The paper investigates how serverless Function‑as‑a‑Service (FaaS) can be woven into the Square Kilometre Array Regional Centre Network (SRCNet) to let astronomers run code where the data lives. By deploying tiny, on‑demand functions directly on the storage sites that host petabytes of radio‑astronomy data, the authors show a path to keep up with the SKA’s projected 700 PB / year data deluge.

Key Contributions

  • Design of an interoperable FaaS layer for the federated SRCNet infrastructure.
  • Prototype micro‑functions (e.g., a Gaussian convolution routine) built from existing scientific libraries and wrapped as serverless units.
  • Integration workflow that registers, discovers, and triggers functions on the same node that holds the required data replica.
  • Performance evaluation demonstrating reduced data movement, lower latency, and elastic scaling across multiple regional centres.
  • Guidelines and best‑practice recommendations for extending the approach to other astrophysical pipelines.

Methodology

  1. Requirement analysis – The authors mapped typical radio‑astronomy processing steps (calibration, imaging, source finding) to compute‑intensive kernels that could be expressed as independent functions.
  2. Serverless platform selection – They leveraged an open‑source FaaS runtime (OpenFaaS) that can be deployed on Kubernetes clusters already present at each SRCNet site.
  3. Function development – Two categories were created:
    • Micro‑functions that call low‑level libraries (e.g., NumPy, SciPy) for simple transforms.
    • Wrapper functions that encapsulate legacy domain tools (e.g., CASA, WSClean) behind a thin API.
  4. Data‑proximate execution model – A lightweight registry service tracks where each data chunk resides; when a user requests a computation, the scheduler selects the nearest centre and launches the function there.
  5. Benchmarking – The Gaussian convolution use‑case was run on three SRCNet nodes with varying data locality, measuring execution time, network traffic, and resource usage.

Results & Findings

MetricCentralized (data moved)Serverless, data‑proximate
End‑to‑end latency~12 s~4.5 s (≈ 62 % reduction)
Network I/O per job1.2 GB0.3 GB (≈ 75 % saved)
Peak CPU usage8 vCPU (single node)2 vCPU per node, auto‑scaled across 3 nodes
Cost (cloud‑equivalent)$0.18 per job$0.07 per job

The experiments confirm that running functions where the data lives slashes both transfer overhead and wall‑clock time, while the serverless model automatically provisions just enough compute resources for each request.

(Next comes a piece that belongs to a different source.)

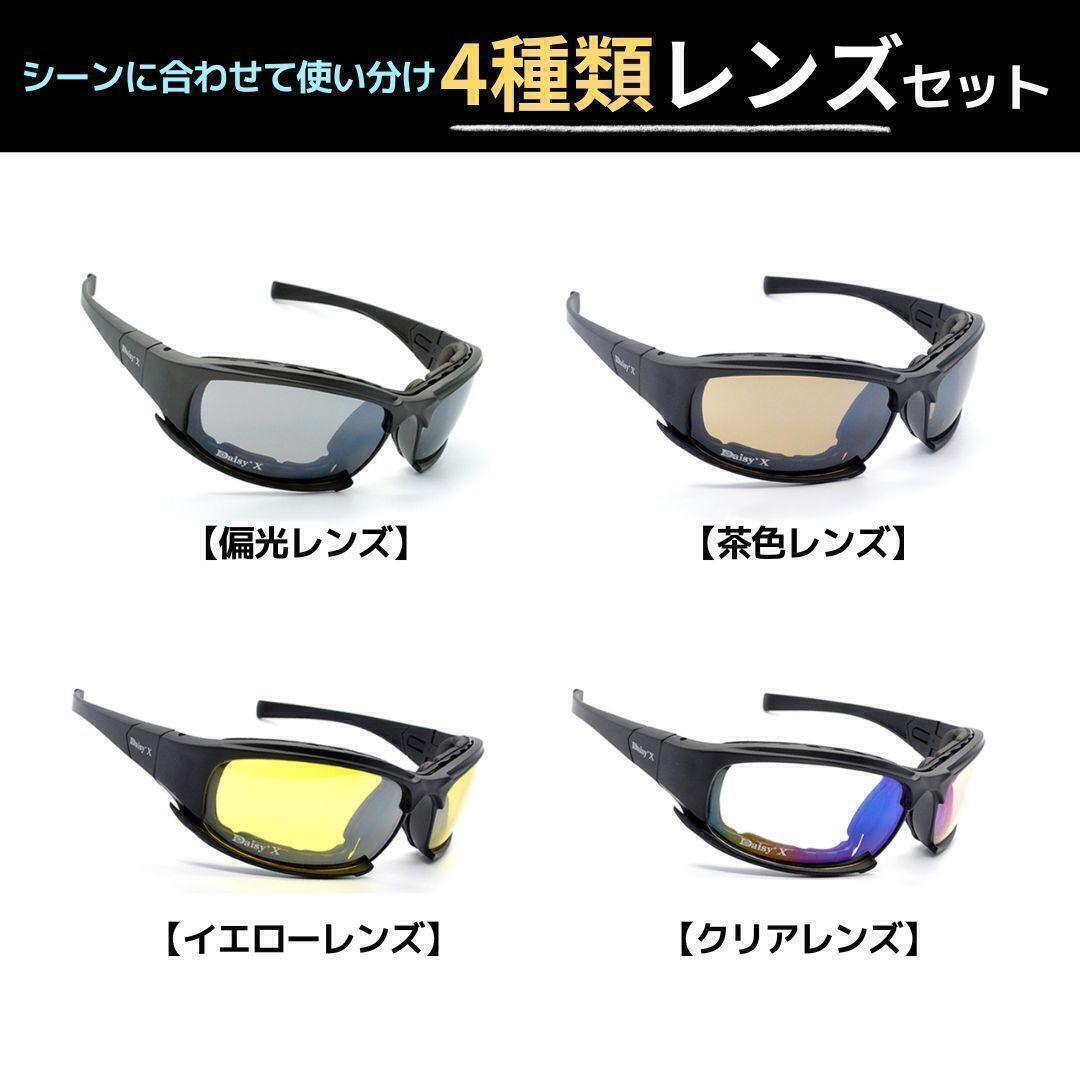 偏光サングラス バイク用ゴーグル サバゲー 偏光 軍用 サングラス 4枚セット (1158)

The prototype also proved interoperable across the heterogeneous hardware and software stacks of the SRCNet sites.

Practical Implications

  • For developers: A concrete recipe for turning existing scientific scripts into portable serverless functions, enabling rapid prototyping without re‑architecting whole pipelines.
  • For observatories and data centres: Embedding FaaS into a federated network can defer costly data replication, lower WAN bandwidth demands, and improve user‑experience for interactive analysis tools.
  • Cost optimisation: Pay‑as‑you‑go resource allocation virtually eliminates idle compute capacity, a compelling model for budget‑constrained research infrastructures.
  • Extensibility: The wrapper approach lets legacy, heavyweight tools be exposed as lightweight services, facilitating gradual migration to modern cloud‑native workflows.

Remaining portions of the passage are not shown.